Mark’s blood drained from his face. He shook his head in disbelief, then said, ‘Now you know why I ran. I fuckin’ hate you, Henry. You’ve done nothing but screw me over since we met.’
Henry took a step back at that point. He did what he should have done in the first place and let Rik Dean appoint two detective constables to interview Mark. He briefed them on what he knew so far, then let them loose on Mark, who had become unresponsive — to him, anyway. He knew their shared history would be a bar to any meaningful interview, so Henry did what any good superintendent was skilled at doing: delegated the job.
This gave him time to ensure the investigation as a whole was moving forwards. If he’d been tied up in interview he could easily have lost the bigger picture and then would have been criticized from on high.
It was all looking good. There was a semi-suspect in the traps, other jacks were out following leads, the scientific people were on top of things, doors were being knocked on, the MIR was almost up and running. Henry was reasonably confident with progress. Now he just had to find out what Mark Carter had to say.
That was when his mobile phone rang. He answered it absently as he skimmed through the first few pages of the murder book.
For a moment, there was silence, then came the hesitant voice.
‘I… I was wondering about that coffee… really, I’m not being pushy… it’s just, I’m in town for the day.’ The voice rushed on a little now. ‘Sorry.’
‘It’s fine,’ Henry said, reshuffling everything in his mind, trying to work out if he had time.
‘I know you said you were busy and you’d phone me this afternoon
… and I know all the other personal stuff must be hell…’
‘I’m really glad you called, Alison,’ he said. ‘I’m not sure if I would’ve had the nerve to call back to be honest… so, where are you right now?’ She said the name of a town centre street. Henry said, ‘You’ll find a Starbucks on that street, yeah?’
‘Yes, I can see it.’
‘Go in, grab a table and give me ten minutes to get there.’
His thumb was dithering so much he could hardly press it down on to the end-call button. He took a few breaths to ward off hyperventilation, then gave Rik Dean a quick call as he trotted through the police station. It went to voicemail and Henry left a message to say he’d be otherwise engaged for an hour.

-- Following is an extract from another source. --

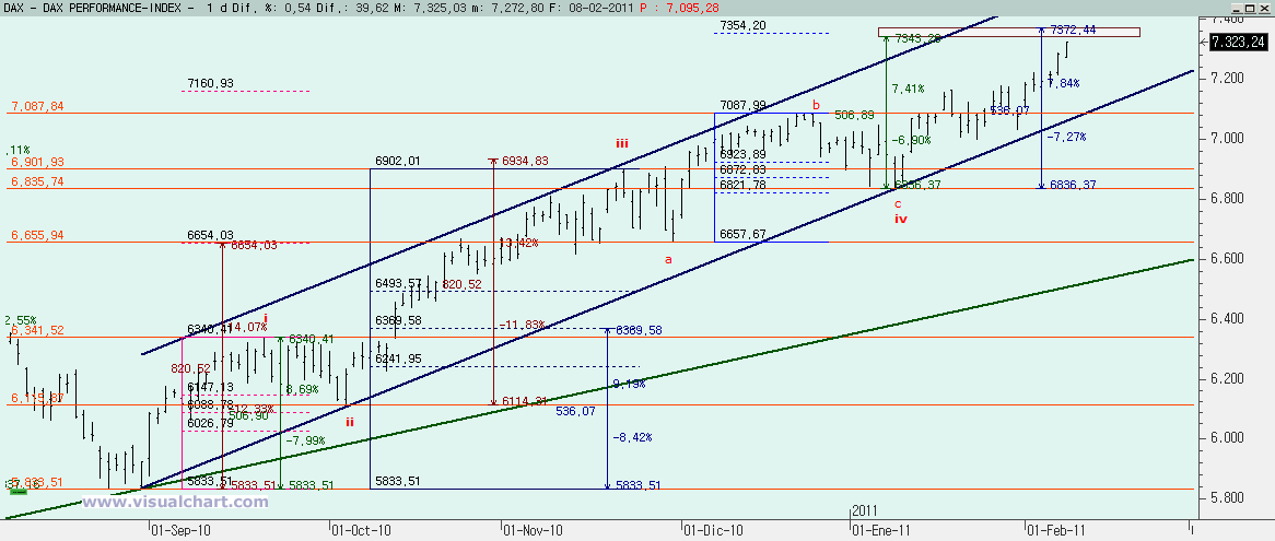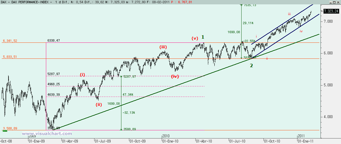 DAX: El recuento desde mínimos de Marzo de 2009 es análogo al del Sp500 y también tenemos la duda de si ahora estamos haciendo la 5 desde esos mínimos o ya hicimos 5 alcistas en lo que sería la 1, luego la 2 y ahora estamos comenzando la 3. Si estuviéramos comenzando la 3 querría decir que estamos en la (i) de esa 3, y que no deberíamos perder la directriz 0-2 antes de alcanzar los 7.535. Además, como la 2 no alcanzó ni de lejos el 50% de la 1 en la corrección, la superación de los máximos de la 1 fueron una señal alcista clara.

For some miles, the car in which Karl Donaldson, Martin Beckham and Robert Fanshaw-Bayley were sitting — a powerful Jaguar being driven by a brilliant driver from the Road Policing Unit — had reached speeds of over one hundred and thirty miles per hour. That meant the journey from Blackpool to Liverpool John Lennon Airport took somewhere in the region of thirty-five minutes. The slowest part of the journey was actually the last five miles of dual carriageway on which ninety was about the safest maximum.
The driver pulled in directly at the front of the terminal building and was told to stay in the car and wait. The three passengers hurried into the airport where they were met by a DCI from Merseyside Police, who led them quickly through to the security and customs and immigration services offices behind the line of check-in desks. The DCI ushered them into an office with nothing on the door; inside was a sparsely furnished room — table, four plastic chairs — and a wall-mounted large screen TV and what looked like a DVD player.

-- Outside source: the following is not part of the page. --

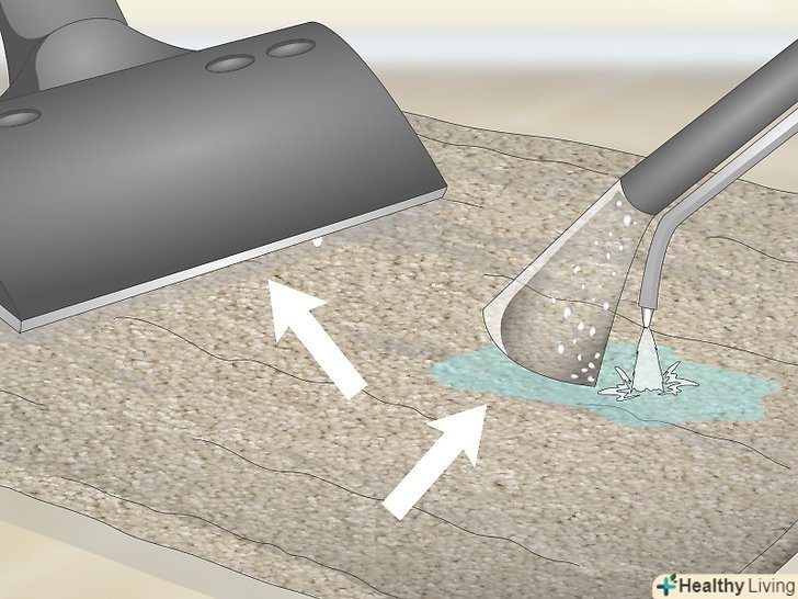 Промокніть пляму паперовим рушником. постарайтеся, щоб паперовий рушник ввібрав якомога більше рідини з мильної суміші. Якщо у вас не виходить видалити зайву рідину, пляма можна обробити пилососом. [2]

‘Gents, if you’d like to take a seat,’ the DCI said. His name was McMullen and he was emitting nervousness.
Silently the three visitors did as bid.
Then Donaldson, who was bursting, said, ‘What’ve you got?’
‘Your man, I think.’
The three men were only at Liverpool Airport because of a tired, but sharp-witted and well-informed, Spanish cop who had been dragged against his will by a worried airline official out of his cosy office — just to have a look at a bloodstain on an airplane seat.
The cop actually hadn’t seemed sharp-witted at all when the official had knocked on his door at three that morning. Detective Luis Delgado was working the night shift, six p.m. to six a.m. After the last plane had landed at one a.m. without any problems and the passengers had filed wearily through the almost farcical customs check, observed by Delgado through a two-way mirror, he’d settled himself down for the night with the intention of getting in some serious sleep before the next flight landed at five thirty, just before he finished. He had a comfy chair, footstool and pillow, and if those bastards wanted him to work at Las Palmas Airport, then he would, but only on his terms. Because he didn’t want to be here.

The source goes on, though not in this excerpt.